Another key prerequisite for such an approach is the possibility to cryopreserve iPSdMiG at the end of each lengthy production cycle. However, cryostorage and cell retrieval has previously been challenging for human microglial preparations. Hence, most reported iPSdMiG protocols lack a cryopreservation step (Suppl. Table S8). In contrast, our iPSdMiG population lends itself to efficient cryopreservation, and treatment with muristerone, a Bcl-XL inducer and apoptosis inhibitor [67], further increases post-freeze–thaw recovery. Importantly, the cellular phenotype as well as the functional immune responses of iPSdMiG are largely maintained after cryopreservation, making our differentiation scheme compatible with future cell banking endeavors. Only basal and induced ROS release levels were increased after thawing, which could point to potential activation of stress response pathways as a result of the cryopreservation process [68].

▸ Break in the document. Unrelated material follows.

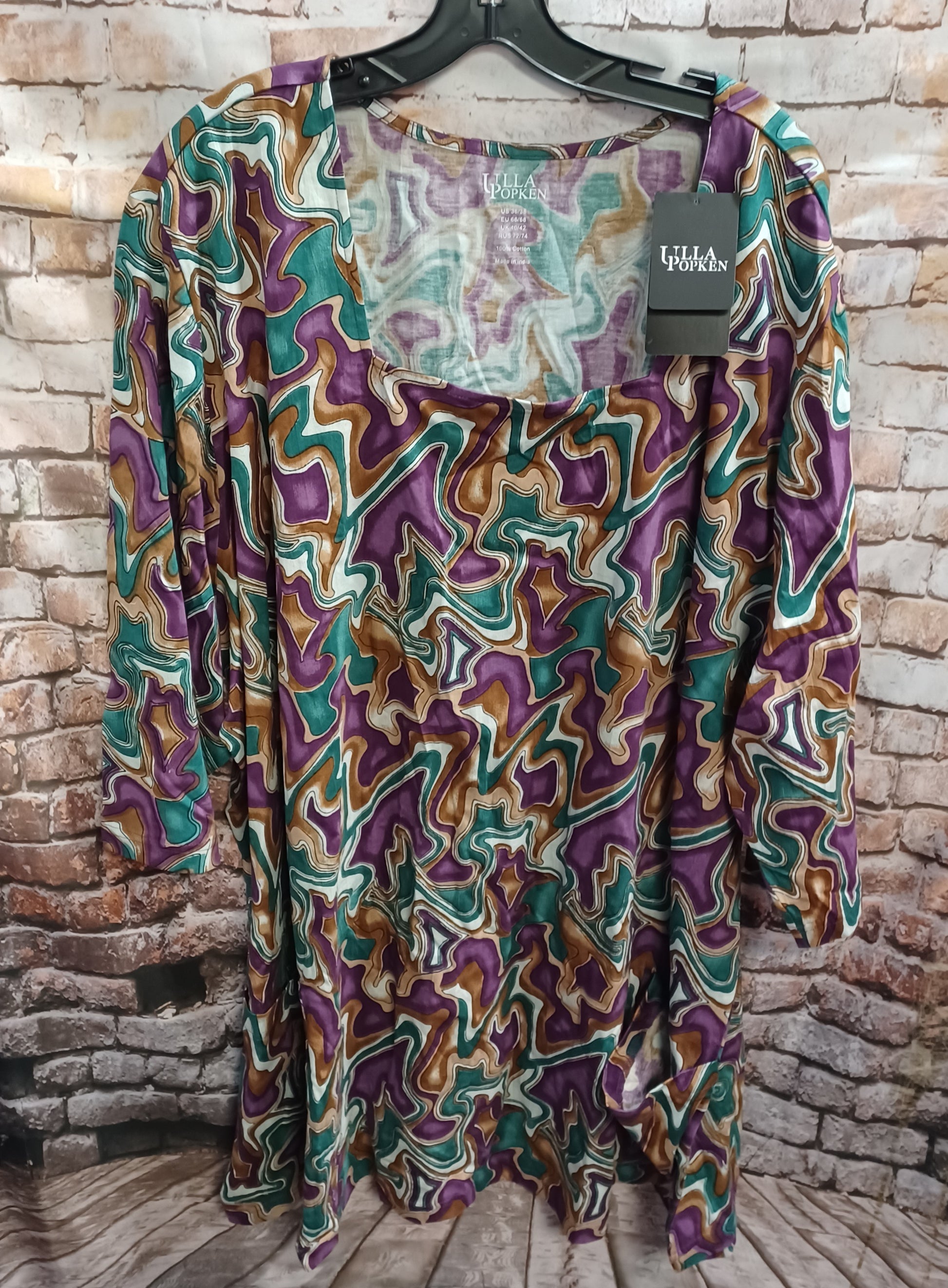 Brand new with tags, half sleeve knit top in brown, purple white and teal print.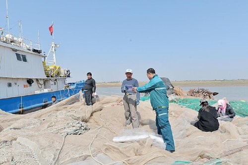 无棣埕口邮政支局投递员王海进在投递途中帮客户倒网收虾。

Disease modeling studies increasingly require more complex co-culture systems to fully recapitulate pathologies associated with more than one cell type. Considering this requirement, we also introduced iPSdMiG into both, 2D and 3D cultures of lt-NES cell-derived neurons and cortical spheroids, respectively. In both culture systems, iPSdMiG readily migrated into the dense neural networks, where they acquired a ramified morphology that could be maintained for several weeks. Notably, immunogenic responses of microglia to the pro-inflammatory stimuli LPS and IFNγ, but not the anti-inflammatory stimulus IL4, were confirmed by the induced production of inflammatory cytokines and chemokines in 2D co-culture. While these experiments serve as proof-of-concepts for the applicability of our iPSdMiG in neuronal co-culture settings, further studies are required to examine, for example, the impact of activated microglia on co-cultured neurons and whether stimulation-induced proliferation of microglia contributes to the observed increase in cyto-/chemokine release.

Taken together, we have established a developmentally informed protocol recapitulating key aspects of microglial ontogeny and differentiation, which efficiently and reproducibly yields large numbers of ready-to-use iPSdMiG. These cells are very similar to primary human microglia on transcriptome level and respond adequately to immunogenic stimulation. The capacity to cryopreserve iPSdMiG without altering their core phenotype or functional responses will prospectively allow the generation of large cell banks, comprising microglia from different healthy and diseased donors for biomedical applications. Finally, our study shows that iPSdMiG can be readily co-cultured with other neural cells in defined 2D and 3D systems, which further increases the usefulness of these cells in the context of disease modeling, drug screening and other biomedical applications.